We can show the distribution of correlations of paralogs pairs across tissues proteome. The distributions are more or less centered on 0, with an extensive tail toward positive values. The function ParalogsDensityPlot takes in input the vector containing the correlation values and plot the density distribution with the barplot count of the single paralog pairs stored in the variable pTiss$p.all .

pdf("../out/plots/p40Tiss.pdf",height = 5,width = 5)
p40Tiss <- ParalogsDensityPlot(AllParalogsCorrelations.tissue.prot$corr,title = "Correlation of Paralog Pairs across Tissues - Proteome")
p40Tiss$p.all
dev.off()
## png 
##   2

3.8 Correlation and sequence Identity – Transcriptome

Now we run the analysis to understand inf there is a specific relation between correlation between paralog pairs and sequence identity. The same as was done for the Zebrafish RNA-Seq Data.

#Create a unique dataframe
AllCorrelations.tr <- rbind(ParalogSubunitsCorrelations.tissue.transcr,OtherParalogsCorrelations.tissue.transcr)

Here we plot the relationship between mean sequence identity and co-regulation, we use a Generalized Additive Model to plot the relationship between sequence identity and co-regulation. And run a correlation test with cor.test

ComplexColor <- c("#D6604D","#4393C3")

pdf("../out/plots/p04Tiss.pdf",height = 5,width = 5)
p04Tiss <- ggplot(data=AllCorrelations.tr) + 
         geom_smooth(aes(x=mean.identity,y=corr,color=type)) + 
         theme_bw() + scale_color_manual(values = ComplexColor) +
         theme(legend.position = "top") + xlab("mean identity") +
         ylab("correlation") + labs(color="")
#Plot
p04Tiss
dev.off()
## png 
##   2
p04Tiss

#correlations tests
cortest <- cor.test(AllCorrelations.tr[AllCorrelations.tr$type=="Other Paralogs","corr"],AllCorrelations.tr[AllCorrelations.tr$type=="Other Paralogs","mean.identity"])
cortest
## 
##  Pearson's product-moment correlation
## 
## data:  AllCorrelations.tr[AllCorrelations.tr$type == "Other Paralogs", "corr"] and AllCorrelations.tr[AllCorrelations.tr$type == "Other Paralogs", "mean.identity"]
## t = 105, df = 89078, p-value < 2.2e-16
## alternative hypothesis: true correlation is not equal to 0
## 95 percent confidence interval:
##  0.3260179 0.3377052
## sample estimates:
##       cor 
## 0.3318743
cortest <- cor.test(AllCorrelations.tr[!AllCorrelations.tr$type=="Other Paralogs","corr"],AllCorrelations.tr[!AllCorrelations.tr$type=="Other Paralogs","mean.identity"])
cortest
## 
##  Pearson's product-moment correlation
## 
## data:  AllCorrelations.tr[!AllCorrelations.tr$type == "Other Paralogs", "corr"] and AllCorrelations.tr[!AllCorrelations.tr$type == "Other Paralogs", "mean.identity"]
## t = -1.298, df = 1802, p-value = 0.1945
## alternative hypothesis: true correlation is not equal to 0
## 95 percent confidence interval:
##  -0.07660547  0.01561082
## sample estimates:
##         cor 
## -0.03056236

3.9 Correlation and sequence Identity – Proteome

Same approach is also carried out for the proteome data. First the dataset of paralogs that are not complex members and paralogs that are complex members are joined together, then a GAM is fitted to highlight the relationship between sequence identity and co-regulation for paralogs inside protein complexes and outside protein complexes.

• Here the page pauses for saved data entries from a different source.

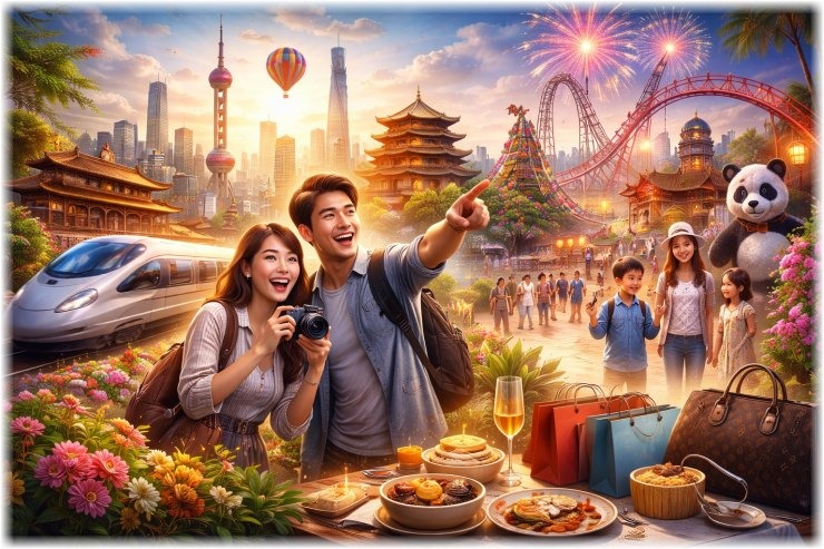 Τα πρώτα στοιχεία από την ταξιδιωτική πλατφόρμα Fliggy, που ανήκει στον όμιλο Alibaba, δείχνουν ότι οι κρατήσεις σε ξενοδοχεία θεματικών πάρκων σχεδόν διπλασιάστηκαν σε σχέση με πέρυσι. Παράλληλα, τα ταξίδια που συνδυάζουν παραδοσιακές παραστάσεις και χειροτεχνικές δραστηριότητες αυξήθηκαν κατά περίπου 40%. Οι νεότερες γενιές δεν αρκούνται σε μια απλή μετακίνηση, αλλά επιδιώκουν βαθύτερη εμβάθυνση στον τοπικό πολιτισμό, συμμετοχή σε καλλιτεχνικές δράσεις και αυθεντικές δραστηριότητες.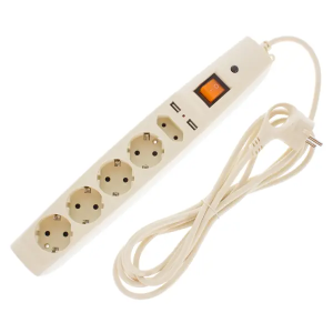 Материал корпуса сетевого фильтра — долговечный поликарбонат. Сохранит первоначальный вид спустя годы использования. Оборудован кабелем подключения длиной 3 м и сечением 0,75 мм. Бежевый цвет удачно впишется в любой интерьер.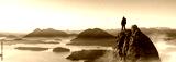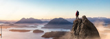 Adventure Man Hiker standing on top of Rocky Cliff. 3d Rendering Peak. Mountain Aerial Landscape Background from BC, Canada.
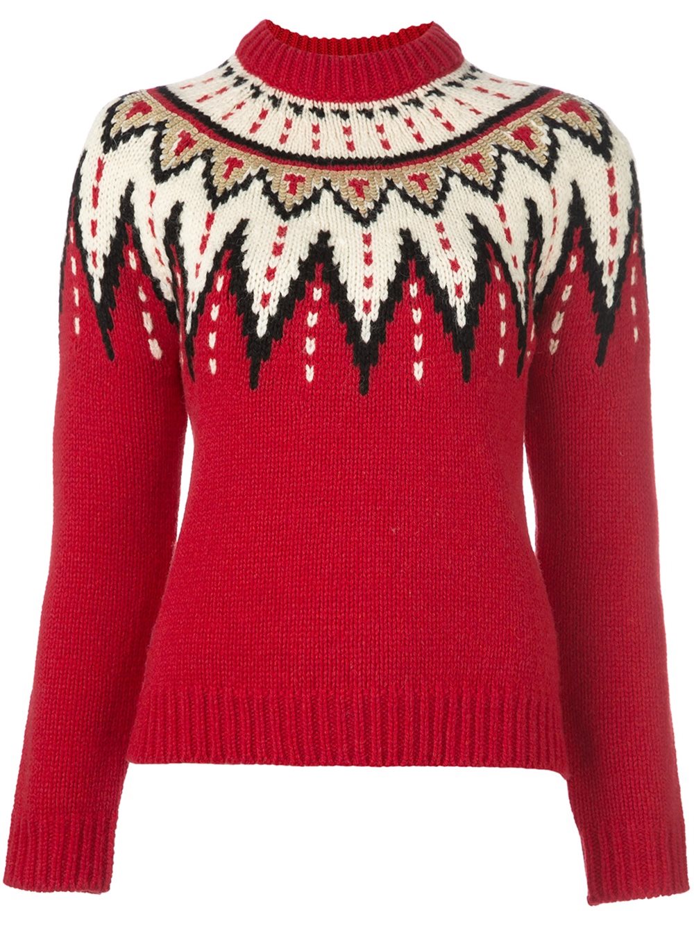 - Saint Laurent (圣罗兰) 红色与白色 羊毛 对比图纹毛衣。 罗纹针织圆领, 长袖, 罗纹底边及袖口。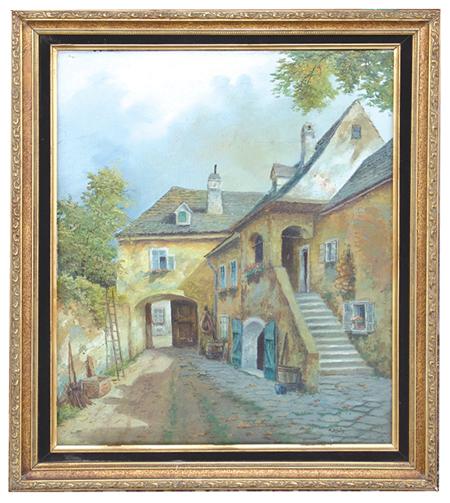 Signed original oil on canvas depicting a European courtyard. Framed. Condition: excellent. 20" x 16" (24" x 20")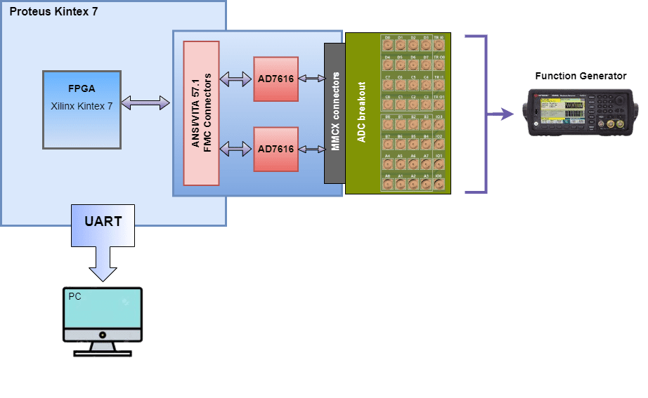 The above block design shows the hardware configuration, in which the FMCADCX002 is linked to the Numato Lab Proteus Kintex 7 FPGA Board through the FMC connections, which contain the 2 AD7616 ICs. To access the function generator’s output, a separate ADC breakout is used.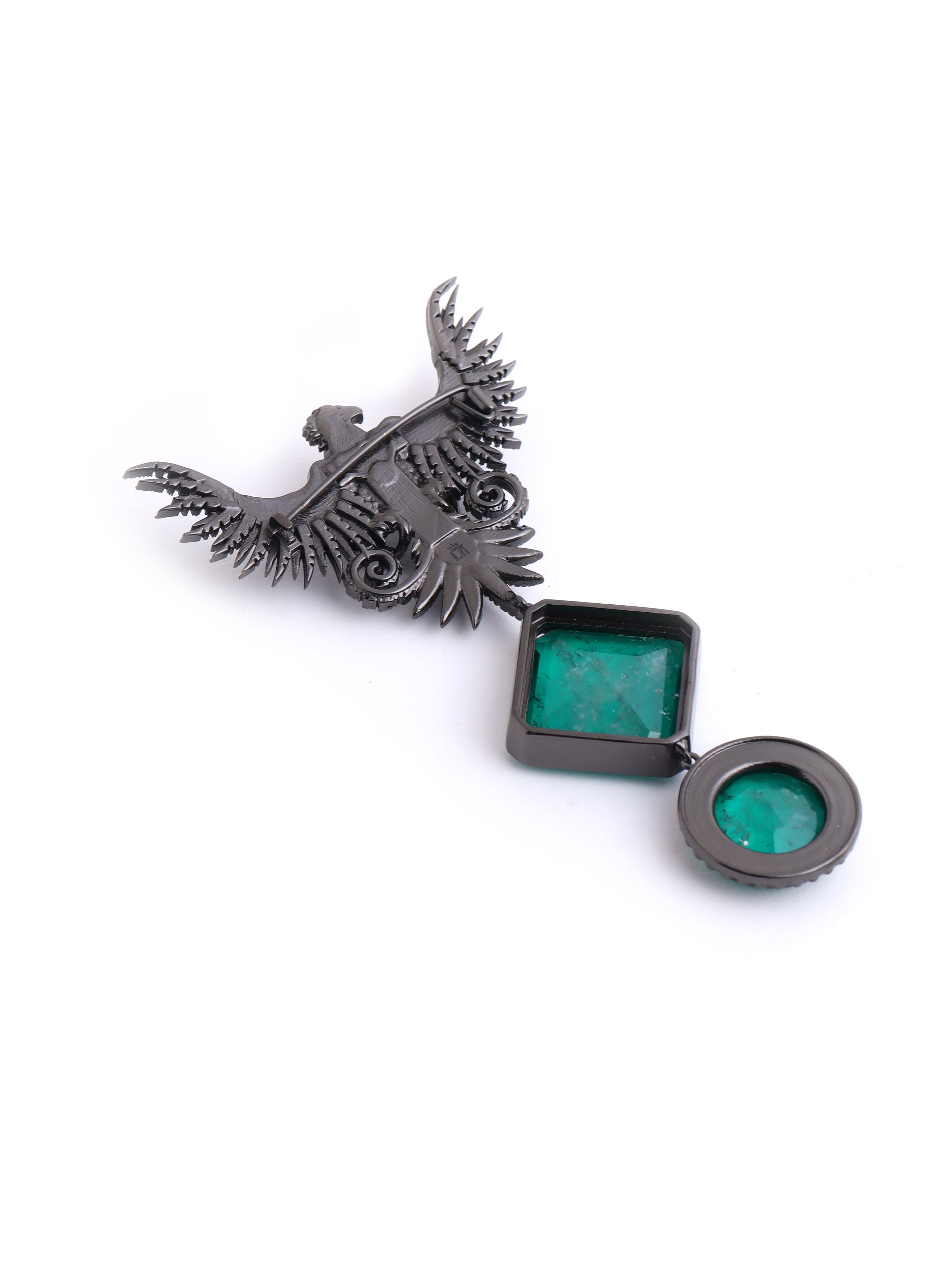 "The Jwala-e-Jung Brooch is a captivating symbol of resilience and rebirth. This accessory showcases an intricately designed phoenix in all its fiery glory, radiating majestic aura. Adorned with brilliant green gemstones that mirror its radiant plumage, it embodies the triumph of overcoming challenges and rising stronger. With empowering symbolism, the Brooch inspires courage to face life's trials. Wear it with pride as a timeless emblem of resilience, reminding you to emerge from adversity with renewed strength and pride.

#Create a unique dataframe
AllCorrelations.pr <- rbind(OtherParalogsCorrelations.tissue.prot,ParalogSubunitsCorrelations.tissue.prot)

We highlight the relation between the two variable again using a GAM.

pdf("../out/plots/p10Tiss.pdf",height = 5,width = 5)
p10Tiss <- ggplot(data=AllCorrelations.pr) + 
           geom_smooth(aes(x=mean.identity,y=corr,color=type)) + 
           theme_bw() + 
           theme(legend.position = "top") +
           ggtitle("Proteome",subtitle = "along 29 Human tissues")
p10Tiss
dev.off()
## png 
##   2
p10Tiss

cortest <- cor.test(AllCorrelations.pr[AllCorrelations.pr$type=="Other Paralogs","corr"],AllCorrelations.pr[AllCorrelations.pr$type=="Other Paralogs","mean.identity"])
cortest
## 
##  Pearson's product-moment correlation
## 
## data:  AllCorrelations.pr[AllCorrelations.pr$type == "Other Paralogs", "corr"] and AllCorrelations.pr[AllCorrelations.pr$type == "Other Paralogs", "mean.identity"]
## t = 46.774, df = 42649, p-value < 2.2e-16
## alternative hypothesis: true correlation is not equal to 0
## 95 percent confidence interval:
##  0.2118491 0.2299039
## sample estimates:
##       cor 
## 0.2208954
cortest <- cor.test(AllCorrelations.pr[!AllCorrelations.pr$type=="Other Paralogs","corr"],AllCorrelations.pr[!AllCorrelations.pr$type=="Other Paralogs","mean.identity"])
cortest
## 
##  Pearson's product-moment correlation
## 
## data:  AllCorrelations.pr[!AllCorrelations.pr$type == "Other Paralogs", "corr"] and AllCorrelations.pr[!AllCorrelations.pr$type == "Other Paralogs", "mean.identity"]
## t = 3.5045, df = 1302, p-value = 0.000473
## alternative hypothesis: true correlation is not equal to 0
## 95 percent confidence interval:
##  0.04260577 0.15016480
## sample estimates:
##       cor 
## 0.0966675

3.10 GOEnrichment on variable Complex paralog pairs

3.10.0.1 Transcriptome

Now we select a subset of paralogs that is localized specifically inside protein complexes, we store this information in the AllCorr.Compl.tr variable. This specific variable contains the information for the correlation of paralog pairs inside protein complexes in reference to the transcriptome data. In the same block of code we define also stable and variable paralogs, selecting the bottom 25% of the distribution of correlations and labeling them as HiglyVariable . We also take informations from sequence identity and mark paralog pairs as HighlySimilar if their average sequence identity is >= 50%,

AllCorr.Compl.tr <- AllCorrelations.tr[AllCorrelations.tr$type=="Paralogs in Complex",]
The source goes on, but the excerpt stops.